Some might speculate that Apple's decision not to support near field communications in the iPhone 5 is a factor for Isis.
But Apple's "go slow" approach to mobile payments is not unusual. Apple wasn't the first firm to make a PC, wasn't the first to make an MP3 player or the first tablet or a smart phone. It still isn't immediately clear how mobile payments creates a huge new device market for Apple, and that tends to be the way Apple approaches new markets.
Delays aren't unusual for large proposed mobile payment services. Telcos in the Netherlands have delayed their mobile payments launch as well. There also have been delays in Australia, the United Kingdom and Singapore.

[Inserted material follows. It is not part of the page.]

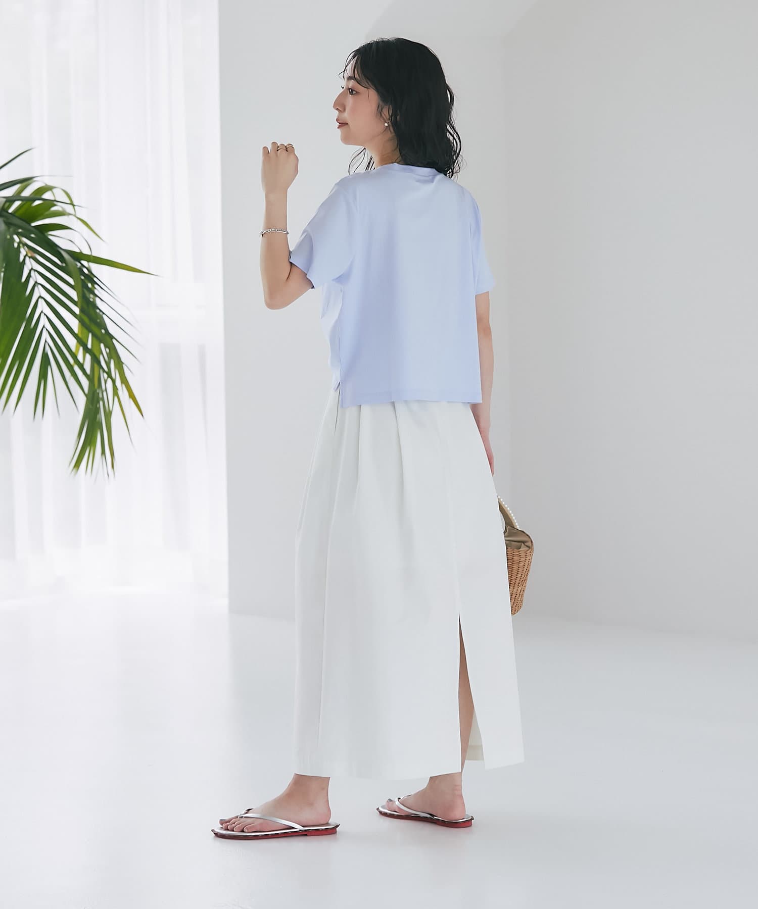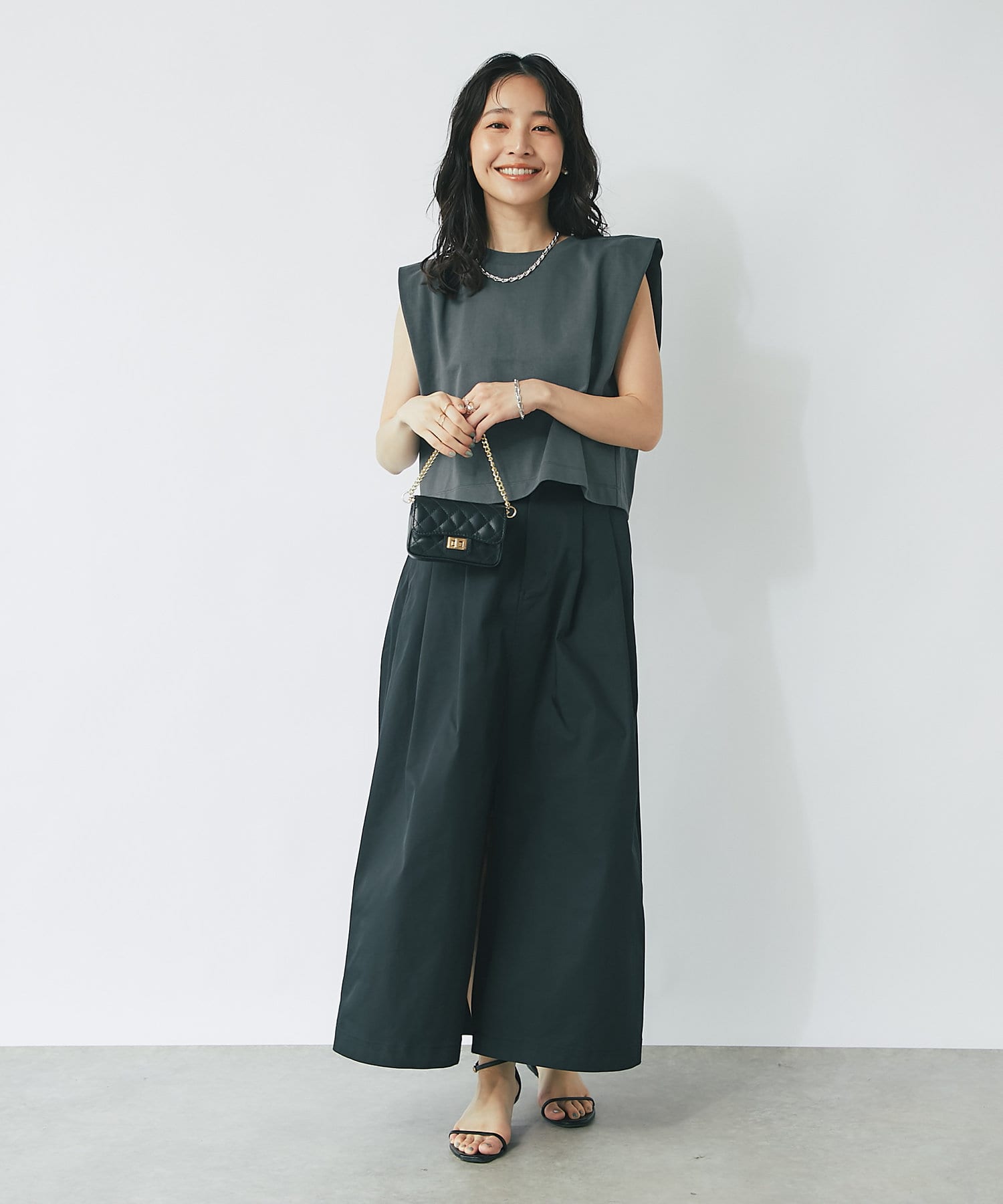 • ハリのある素材がカジュアルなスタイリングもキレイに仕上げてくれる

There are plenty of other reasons for delay. Mobile payment is a complex ecosystem with uncertain value for many key participants in the ecosystem and lots of confusion about which consortia might emerge as clear winners. That Apple iPhones don't yet support NFC is but one of the problems.
"Closed loop" systems that might work only at Home Depot or Starbucks, and do not require use of NFC or other relatively rare features, are logistically easier to launch, precisely because the universe of merchants, terminals, apps, payment processors, devices and users is contained.